Please repeat exactly the lines from the one containing "With all of" to the end of the entries below, both included, and omit all pictures.

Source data
━━━━━━━━━━

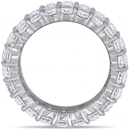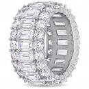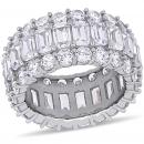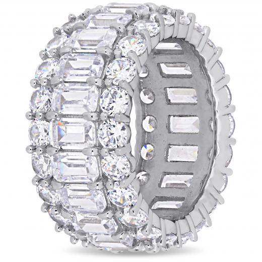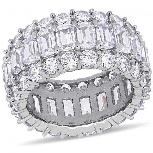 This shimmering multi-cut cubic zirconia full eternity band is crafted in lustrous sterling silver and features 22 emerald-cut and 44 round-cut cubic zirconia stones in a unique triple row full-eternity band design. Whether worn as an anniversary band or simply a sumptuous gemstone piece, this ring is sure to make a standout addition to any jewellery collection. Choose this gemstone ring either for yourself or as a special gift for someone you love.
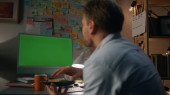 Przyjemny człowiek, cieszący się muzyką w domu. Pozytywny wolny strzelec słuchający nowoczesnych utworów, wpisujący tylko makietę. Szczęśliwy facet porusza się rytmicznie na krześle zdalne miejsce pracy wieczorem mieszkanie
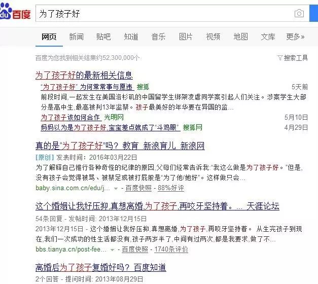 小编有为此百度了“为了孩子好”这几个字,结果也是让人无奈啊!
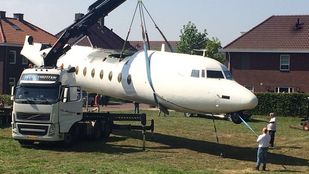 · Het Fokker F27 vliegtuig dat bij de bed & breakfast komt aan de Nijverheidsstraat in Hoogerheide is woensdag onder veel…
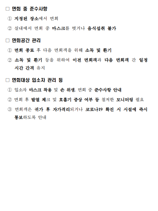 1. 면회 시 음식물 섭취 불가, 마스크 착용등 방역수칙 준수
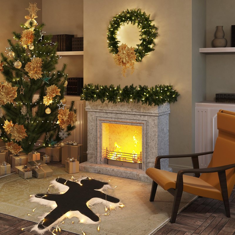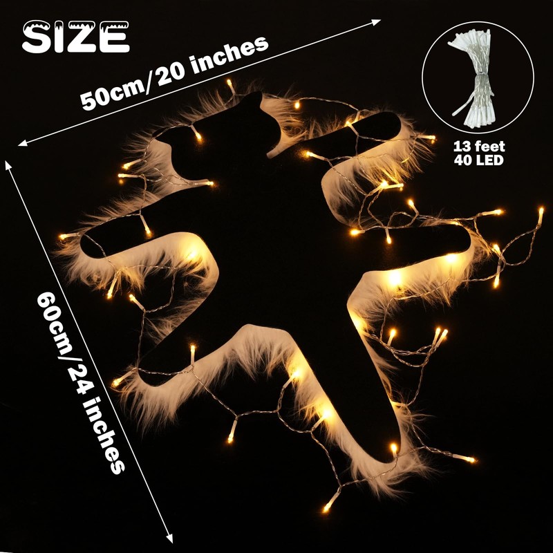 - Size: This Christmas rug measures 24" x 20" and includes a 13-foot long string of warm white LED Christmas lights. It has 40 LED beads and requires 3 AA batteries to light up (not included)
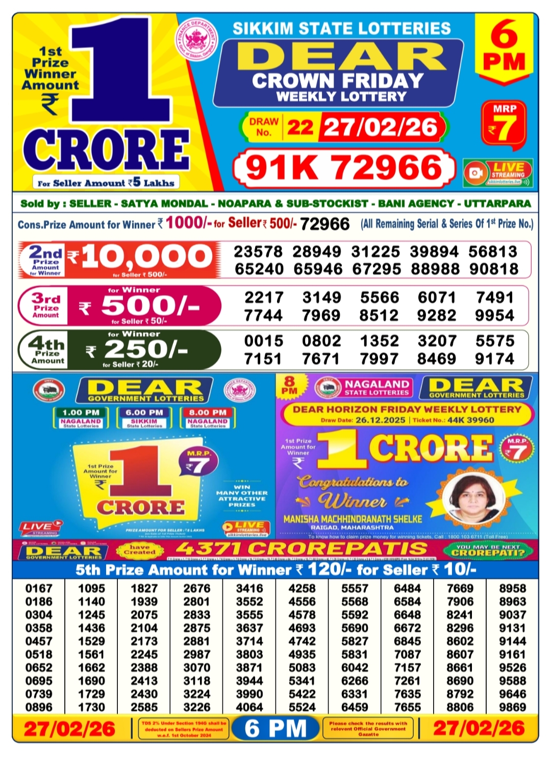 Important Data about the Nagaland State Lottery
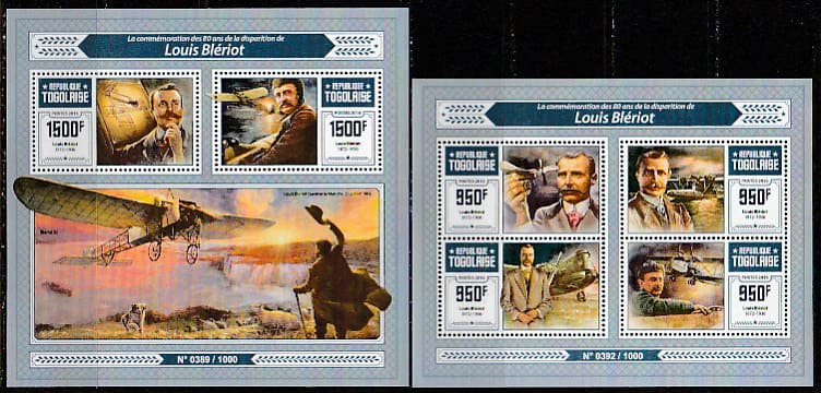 Того 2016 год. 80 лет со дня смерти одного из пионеров авиации Луи Блерио, малый лист + блок.
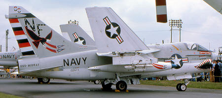 Next is a Bicentennial scheme on a VA-93 plane from Atsugi, Japan in 1976. It is also the CAG bird. From what I recall seeing these planes on the ramp back then, the blue was a lighter shade, but apparently on this one they went with a darker blue. I found a couple of photos that show this below.
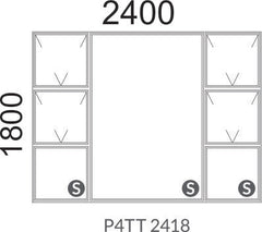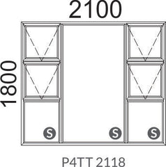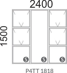*Maximum sash size: width 600mm height 600mm. All dimensions indicated are normal opening sizes. Deduct 10mm for actual overall window size. Windows 1800mm and wider get 900mm vents.P4TT windows get 600mm wide events
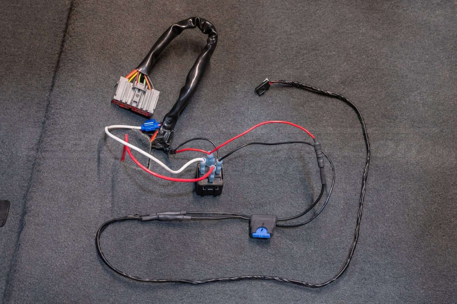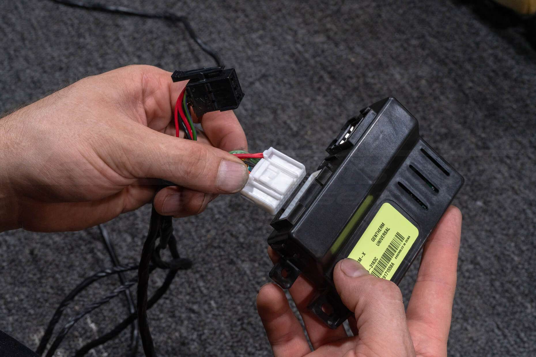 With all of the system components plugged in, connect the unit wiring harness to the power extension harness, and then connect the whole system to the 12V power source to bench test.
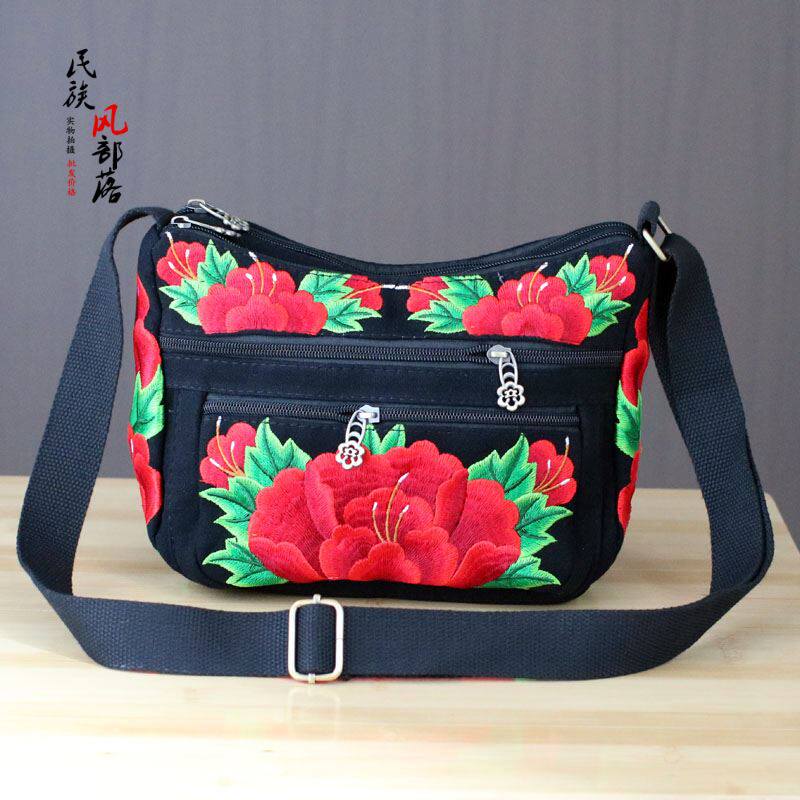 2023新款包民族风绣花包包帆布斜跨包孔雀刺绣女包中年单肩手提包

━━━━━━━━━━

TASK OUTPUT
 With all of the system components plugged in, connect the unit wiring harness to the power extension harness, and then connect the whole system to the 12V power source to bench test.
 2023新款包民族风绣花包包帆布斜跨包孔雀刺绣女包中年单肩手提包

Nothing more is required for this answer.